WHAT IS NEEDED => Exactly as they appear, copy the lines from the one holding "Step 1- Detachment" through the end of the records, leaving pictures out.

Records contained in a dataset =>
_____
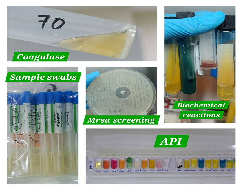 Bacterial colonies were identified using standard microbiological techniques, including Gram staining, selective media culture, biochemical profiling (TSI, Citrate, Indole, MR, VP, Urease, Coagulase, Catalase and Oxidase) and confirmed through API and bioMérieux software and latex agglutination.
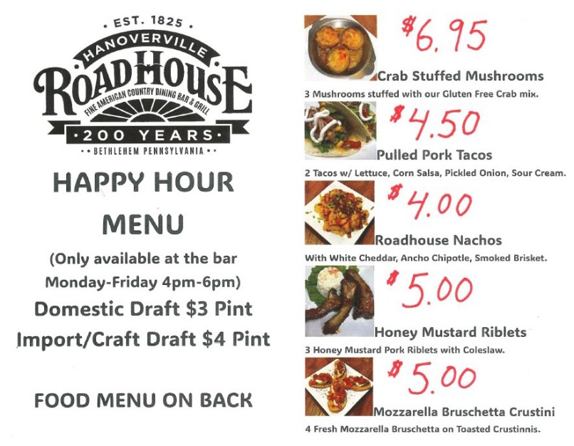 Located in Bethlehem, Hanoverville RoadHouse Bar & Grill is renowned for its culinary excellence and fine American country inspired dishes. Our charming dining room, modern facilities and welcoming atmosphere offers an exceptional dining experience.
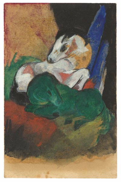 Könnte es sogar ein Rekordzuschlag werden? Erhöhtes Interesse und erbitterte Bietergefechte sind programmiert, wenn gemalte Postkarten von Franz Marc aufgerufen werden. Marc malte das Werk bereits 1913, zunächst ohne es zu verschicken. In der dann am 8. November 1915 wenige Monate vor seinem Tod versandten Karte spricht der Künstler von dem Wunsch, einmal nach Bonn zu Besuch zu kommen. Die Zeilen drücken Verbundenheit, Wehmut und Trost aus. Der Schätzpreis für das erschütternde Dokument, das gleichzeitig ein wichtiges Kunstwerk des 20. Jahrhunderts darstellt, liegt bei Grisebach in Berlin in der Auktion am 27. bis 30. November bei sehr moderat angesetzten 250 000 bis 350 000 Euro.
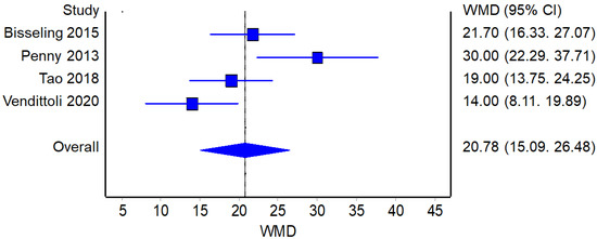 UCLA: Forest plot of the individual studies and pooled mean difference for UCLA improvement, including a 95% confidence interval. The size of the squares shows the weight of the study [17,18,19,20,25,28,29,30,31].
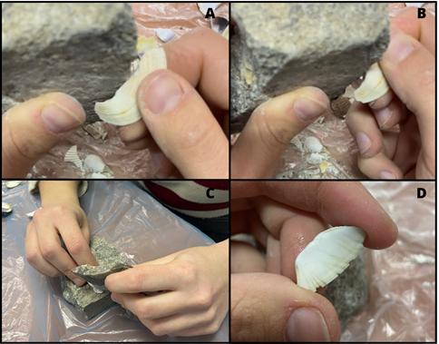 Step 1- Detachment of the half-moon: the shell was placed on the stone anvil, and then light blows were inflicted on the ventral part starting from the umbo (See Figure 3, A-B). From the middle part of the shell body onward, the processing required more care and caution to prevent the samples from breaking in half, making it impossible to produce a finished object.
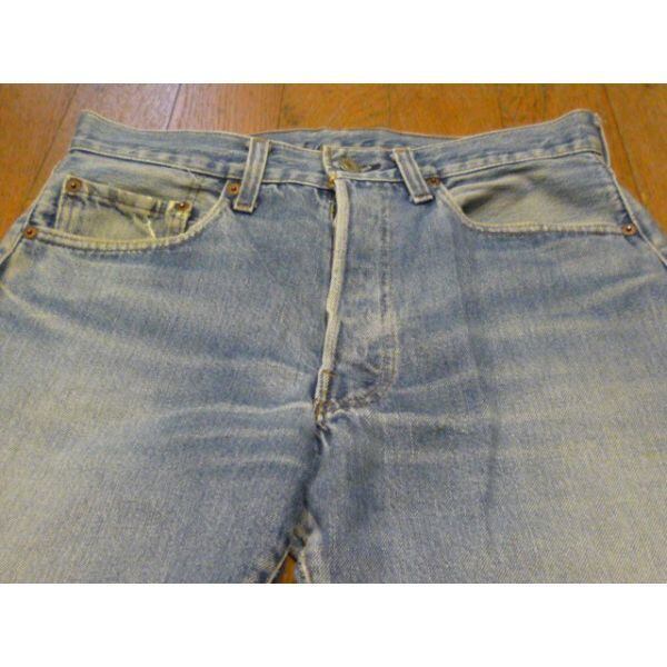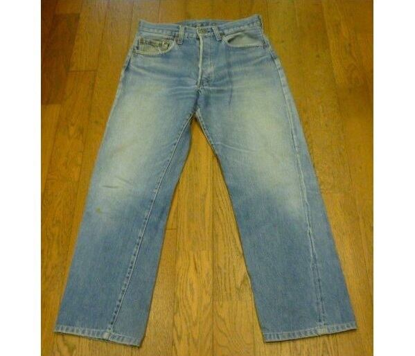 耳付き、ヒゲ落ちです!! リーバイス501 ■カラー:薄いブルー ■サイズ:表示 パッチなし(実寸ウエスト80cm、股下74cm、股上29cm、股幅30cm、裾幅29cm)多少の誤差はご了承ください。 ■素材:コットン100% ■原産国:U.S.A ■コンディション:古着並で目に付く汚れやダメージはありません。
_____
RESULT =>
 Step 1- Detachment of the half-moon: the shell was placed on the stone anvil, and then light blows were inflicted on the ventral part starting from the umbo (See Figure 3, A-B). From the middle part of the shell body onward, the processing required more care and caution to prevent the samples from breaking in half, making it impossible to produce a finished object.
 耳付き、ヒゲ落ちです!! リーバイス501 ■カラー:薄いブルー ■サイズ:表示 パッチなし(実寸ウエスト80cm、股下74cm、股上29cm、股幅30cm、裾幅29cm)多少の誤差はご了承ください。 ■素材:コットン100% ■原産国:U.S.A ■コンディション:古着並で目に付く汚れやダメージはありません。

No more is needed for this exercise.